Royal Bank (TSX:RY)(NYSE:RY) is the largest financial institution in Canada. Its shares have climbed 20% in 2021 as of close on July 28. The stock is up 36% from the prior year.
Today, I want to discuss whether Canada’s top bank is still worth adding in late July and early August. Investors have been able to see the fruits of its first-half results. In Q2 2021, net income shot up $2.5 billion from the prior year to $4.0 billion. Meanwhile, diluted earnings per share climbed $1.00 to $2.76.

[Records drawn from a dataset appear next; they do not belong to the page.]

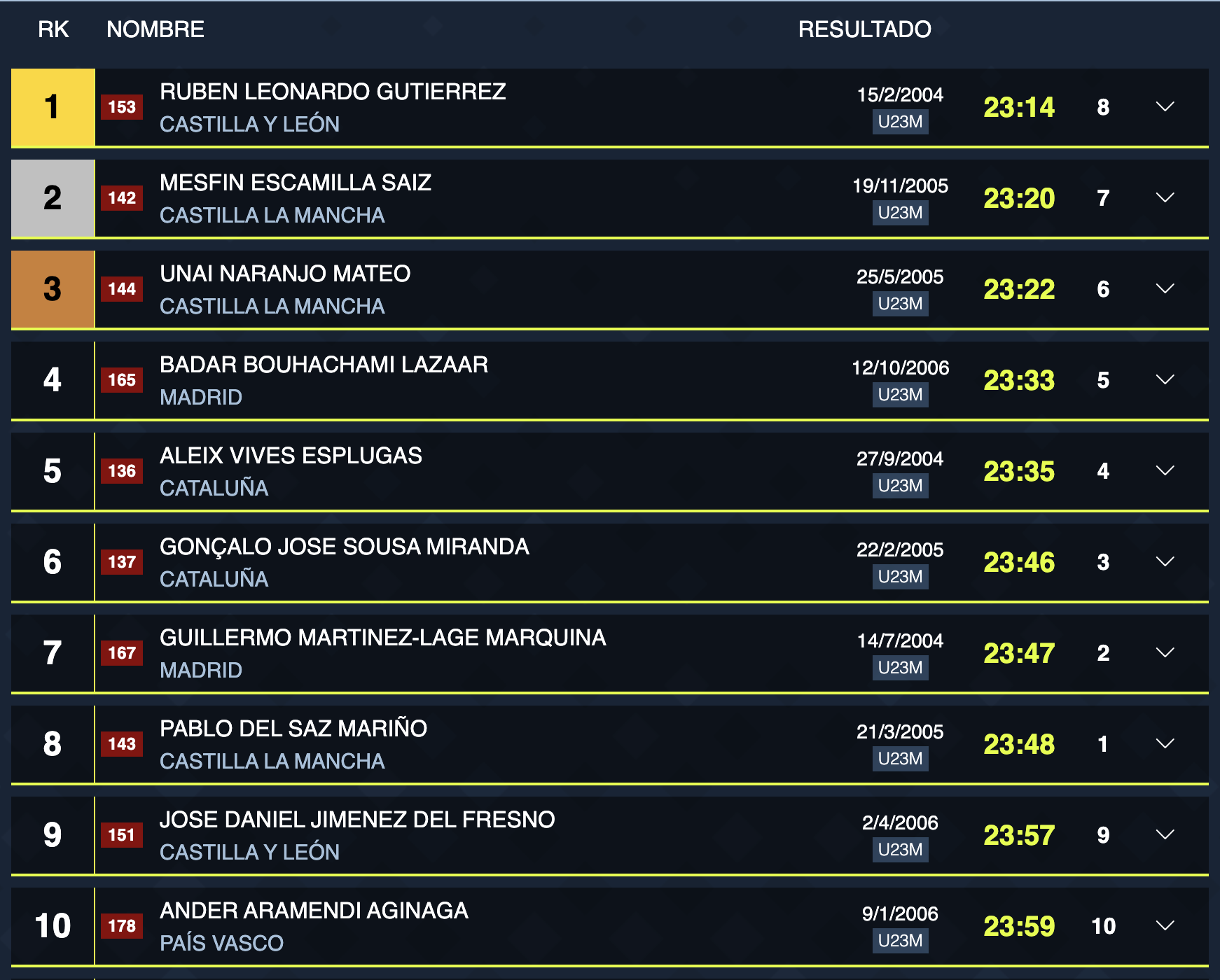 Resultados Sub-23 Hombres:
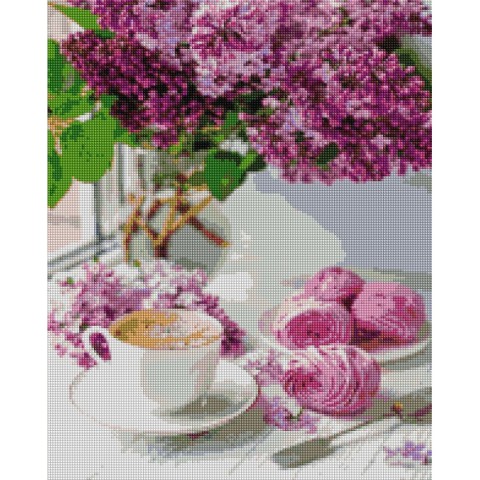 Алмазна мозаїка "Бузок та кава" DBS1106, 40x50 см
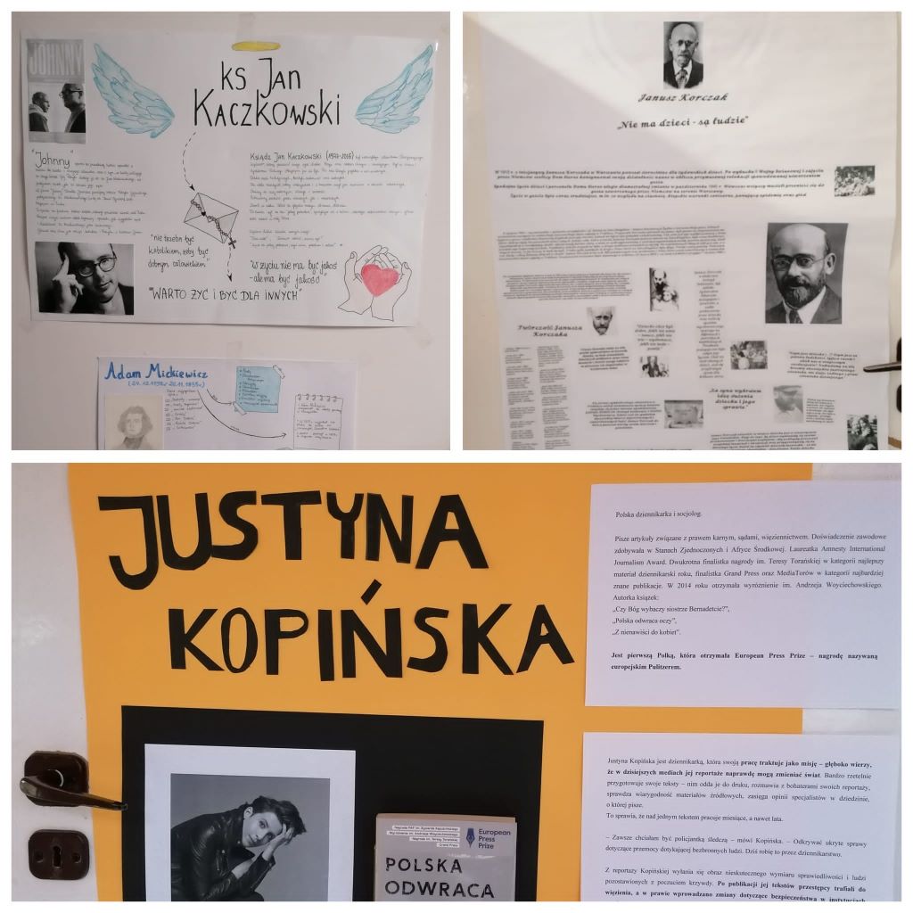 W szkolnym konkursie na najlepszy plakat zwyciężyły uczennice klasy 2b – Justyna Heczko i Magdalena Sztwiertnia za pracę dotyczącą Justyny Kopińskiej. Drugie miejsce zajęła praca Karoliny Patyk z 4ab, przedstawiająca postać Janusza Korczaka, a trzecie – praca Martyny Siedlok z 1b, o księdzu Janie Kaczkowskim. Nagrodzeni wezmą udział w wycieczce oraz otrzymają ocenę celującą z historii.
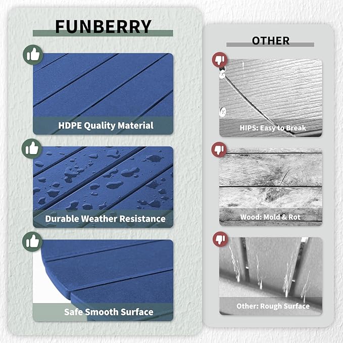 - All Weather Resistant Material: Made of HDPE (High Density Polyethylene) material, this Adirondack side table is highly durable for outdoor use. This side table is waterproof, heat resistant and UV fade resistant. No cracking, no fading or rotting comparing to other materials like wood, plastic or HIPS.
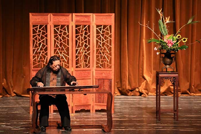 10月8日,古琴家丁承运在艺术节音乐会上弹奏《流水》。 新华社记者翁忻旸 摄

Royal Bank and its peers have benefited from loose monetary policy and a rebounding economy. Its Personal and Commercial Banking segment saw net income rise to $1.90 billion – up $1.37 billion in the previous year. That earnings growth was powered by lower provisions for credit losses (PCL) and improved average volume growth with double-digit percentage growth in deposits and 6% growth in loans.
The bank’s Wealth Management segment delivered growth of 63% to $691 million. This was mostly due to average loan growth and higher average fee-based client assets. Meanwhile, its Insurance, Treasury & Investor Services, and Capital Markets segments all delivered good to great growth.
Canada’s vaccine rollout kicked into high gear in the late spring and summer months. The economic rebound is well underway, and the country’s top financial institutions are poised to benefit. Shares of Royal Bank still possess a favourable price-to-earnings ratio of 12.
Moreover, it offers a quarterly dividend of $1.08 per share. That represents a 3.4% yield.